The US said Friday it will work with international partners to provide at least 15 billion cubic meters more of liquified natural gas (LNG) to Europe this year, seeking to end the bloc’s dependence on Russian energy exports following the Kremlin’s invasion of Ukraine. The additional volumes of LNG are expected to increase going forward, the White House said in a statement.

Cryptocurrency companies could be forced to wind down their business in the UK if they fail to register with the finance watchdog ahead of a key deadline next week.
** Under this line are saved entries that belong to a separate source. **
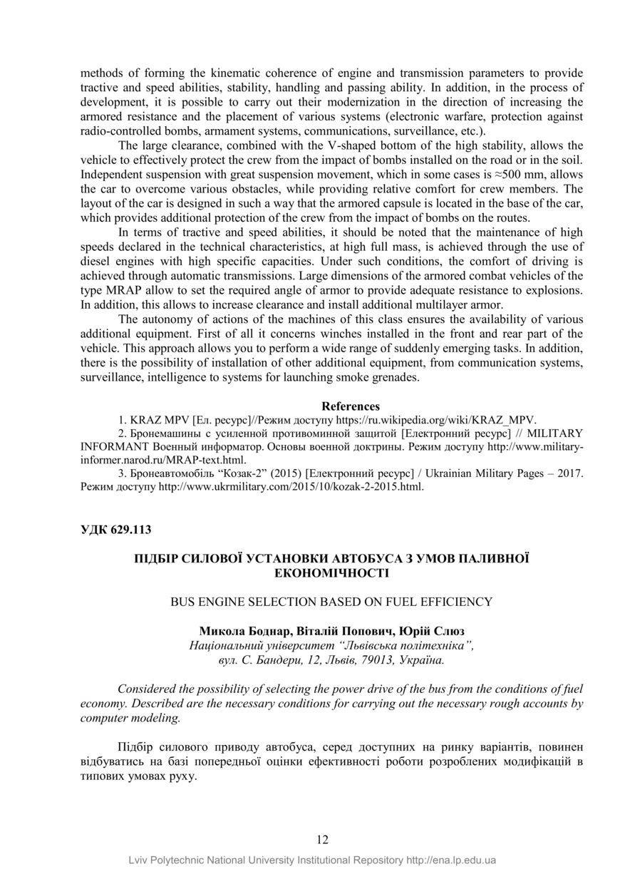 Боднар М. Підбір силової установки автобуса з умов паливної економічності / Микола Боднар, Віталій Попович, Юрій Слюз // Автобусобудування та пасажирські перевезення в Україні : тези доповідей III-ої Всеукраїнської науково-практичної конференції, Львів, 22-23 лютого 2018 року. — Львів : Видавництво Львівської політехніки, 2018. — С. 12–14. — (Автобусо- та автомобілебудування).
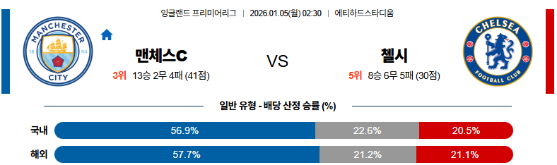 01월05일 맨시티:첼시 프리미어리그 분석 및 예측 스포츠중계:스포츠무료중계
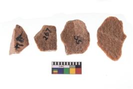 | Description / विवरण | A Sub rectangular flake with wavy thick distal end and broken functional top. It reined pebbly cortex on one side and irregular thin edge on the other |
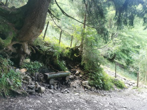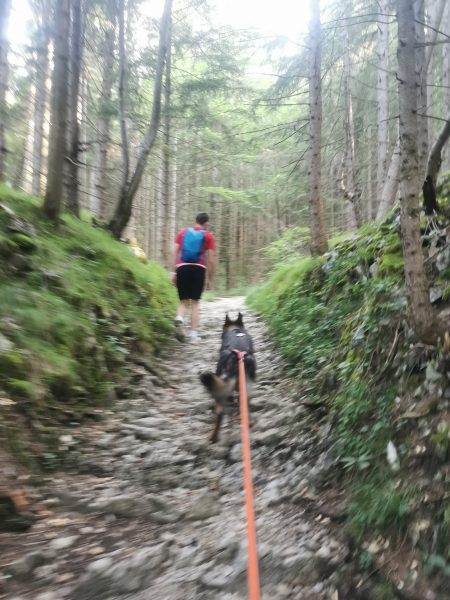 Wir folgen der Route zum Hochgernhaus. Anfangs geht es einen Waldweg entlang, bald trifft man auf eine Forststraße, die man immer wieder durch schmale, steiler Wege abkürzen kann. Zweimal finden die Hunde in einem kleinen Bach Abkühlung.
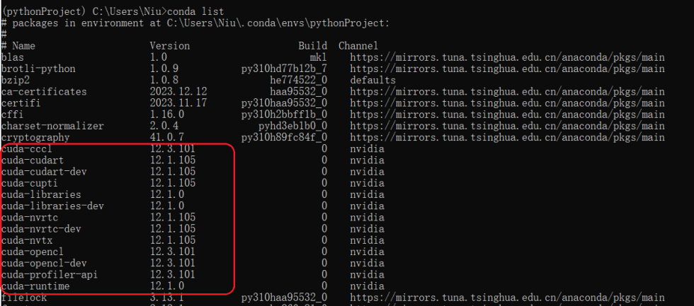 输入conda list查看是否安装成功。
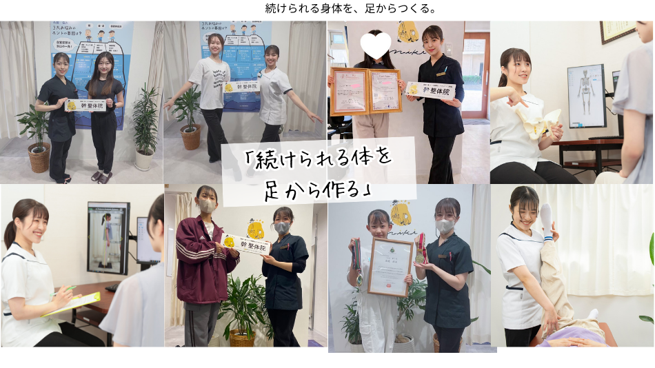 ひざや股関節、腰などの歪みを整えることで、足に係る負担を軽減してゆきます。

From 31 March, firms operating crypto services in Britain must be registered with the Financial Conduct Authority, which is tasked with overseeing how digital asset firms combat money laundering.

Total mortgage application volume in the US fell 8.1% last week compared with the previous week, according to the Mortgage Bankers Association’s seasonally adjusted index.

A group of Chinese real estate developers said this week that they are either not able to release their financial results on time or have yet to set board meetings to discuss them.

Pending home sales, which measure signed contracts on existing homes, fell 4.1% in February compared with January, according to the National Association of Realtors. Sales were down 5.4% compared with February 2021. Analysts were expecting a slight gain. This is the fourth straight month of declines in pending sales, which are an indicator of future closings, one to two months out.